03. Sua poesia assemelha-se a uma espécie de diário íntimo em que os acontecimentos do mundo se refletem nas imagens da vida íntima e pessoal, como se a expressão poética resultasse da soma entre a confidência e a notação exterior, a contemplação da realidade.
04. Reveste seus poemas de um tom irônico e, tantas vezes, amargo.
05. Poesia Confessional – apresentação de vultos familiares, brincadeiras e festas de ruas, cenas que ficaram na memória do poeta como mágicos.
06. A morte – a morte é tratada com  ironia e humor negro (Poema – Piada).
07. O Lirismo romântico- grande subjetividade onde o poeta demonstra um neo-romantismo.
08. Metalinguagem.
09. A Evasão – cria um mundo paralelo à realidade, onde os desejos e as fantasias são realizados.
10. A solidariedade e religião –

Como elemento da cultura brasileira, o catolicismo se apresenta fazendo menção:

À festas e cerimônias do calendário religioso: “Profundamente”; “Poema de finados” ;

Na referência a figuras do imaginário católico:  O Anjo da guarda”;

Na paródia de preces : “Oração do saco  de Mangaratiba”; “Oração  a “Teresinha do menino Jesus”

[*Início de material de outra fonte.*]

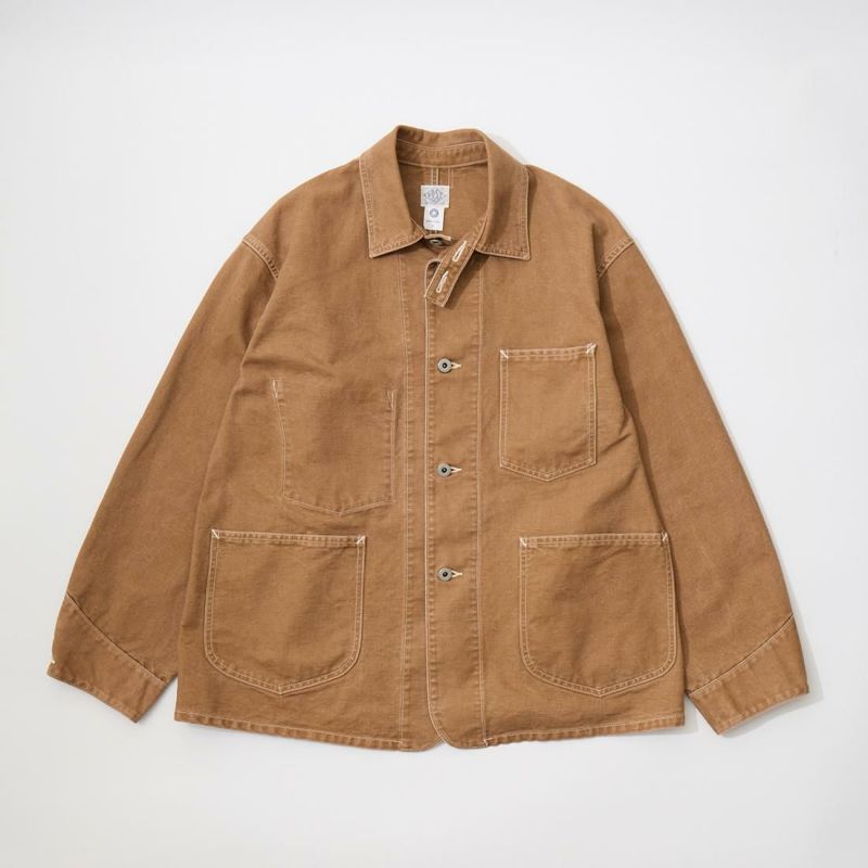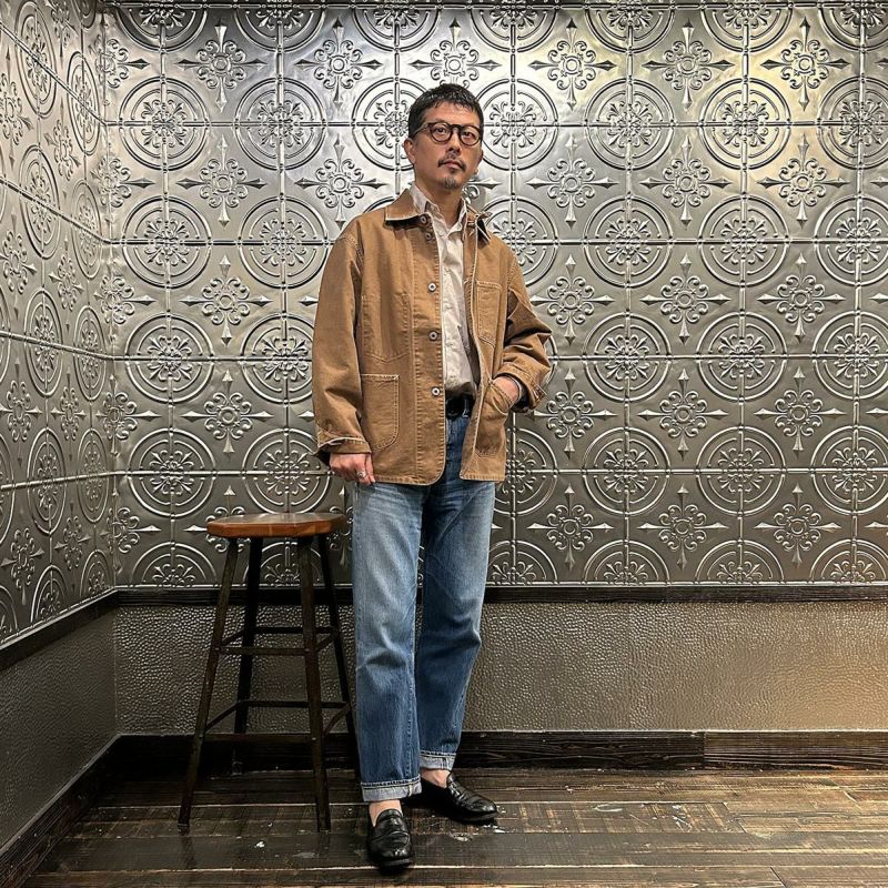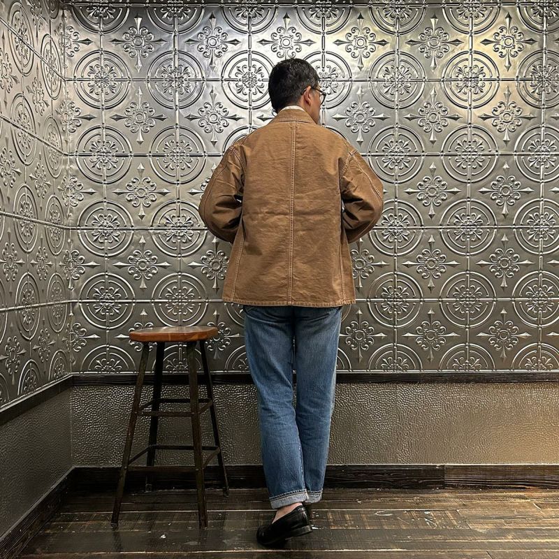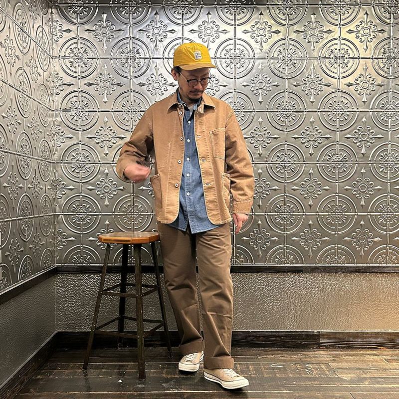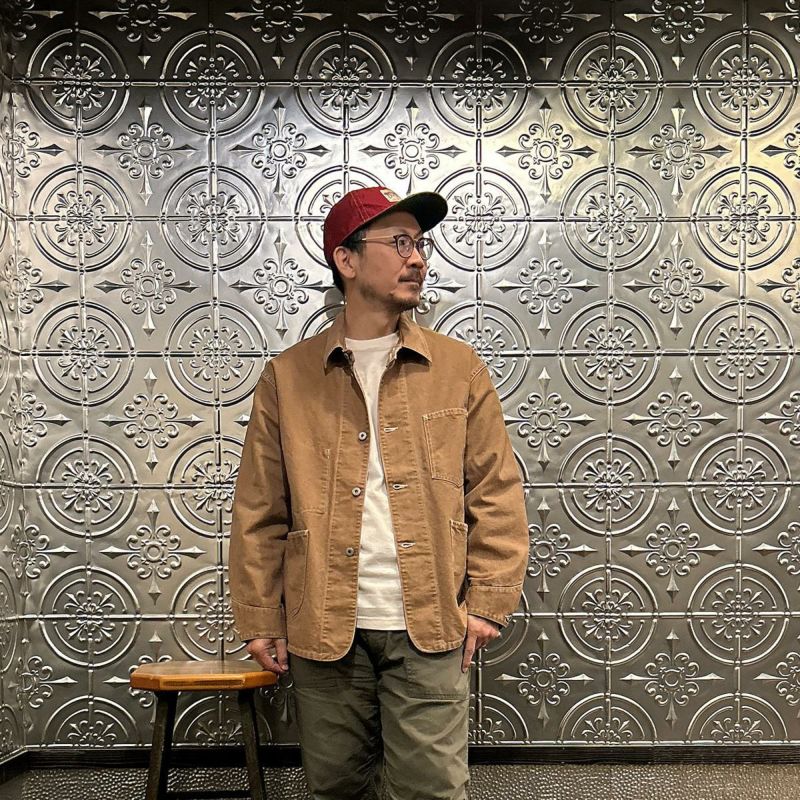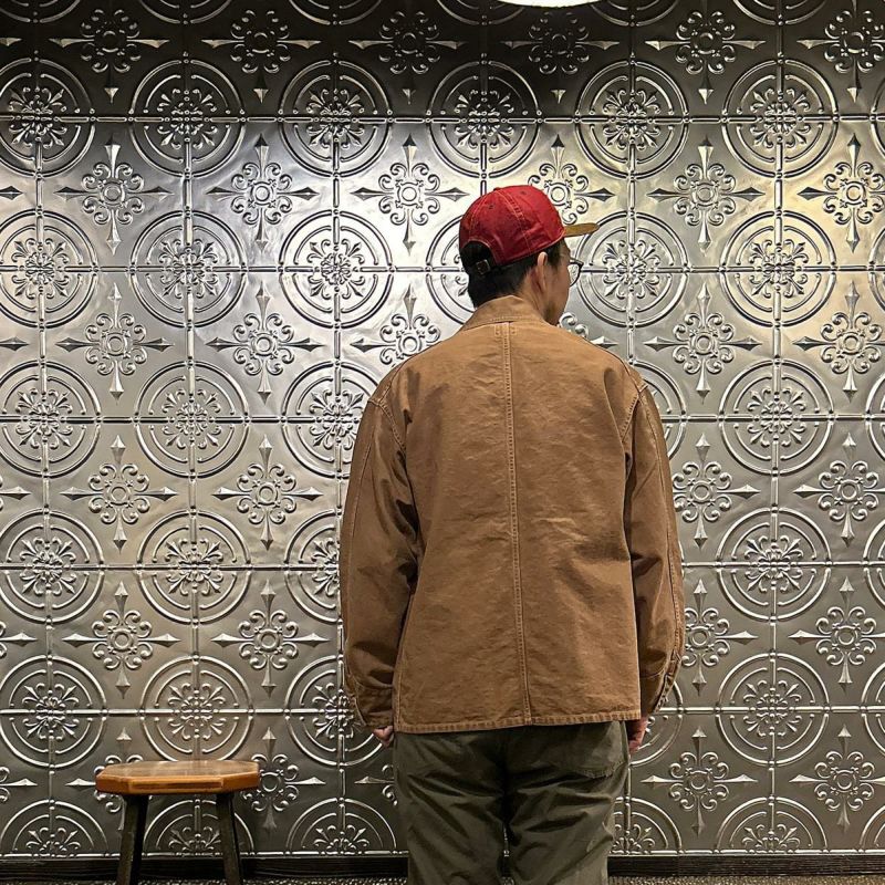 172センチ60キロでサイズは「S」で少しゆとりのあるサイズです。中にそれなりに厚手のモノが着込めるサイズ感。最近のサイズ感、雰囲気、気分を考えるとこのサイズがベストです。従来のブランドのラインナップではあまりなかった、製品加工された雰囲気が凄くカッコ良いです。キャンバスダックの新品の硬さがなく着始めから体に馴染むのが嬉しいですね。新品のダックってあまりカッコイイものでもないですしね。私みたいなガチのワークウェアが苦手な方でもしっくりくるのはサイズ感や加工による生地の雰囲気、柔らかさが要因だと思います。これはマジでカッコイイっす!

Citações bíblicas:  “ Teresa”

Há sempre uma certa ironia na reações entre o poeta e a fé católica.

TEXTOS:
01) Porquinho-da-Índia – Poema de tom narrativo e memorialista. Destaca a pureza, a inocência de uma criança que dedica todo seu afeto a um bicho de estimação. O toque de humor fica por conta do verso final, espécie de conclusão em que se introduz a fala do eu lírico. Epifania.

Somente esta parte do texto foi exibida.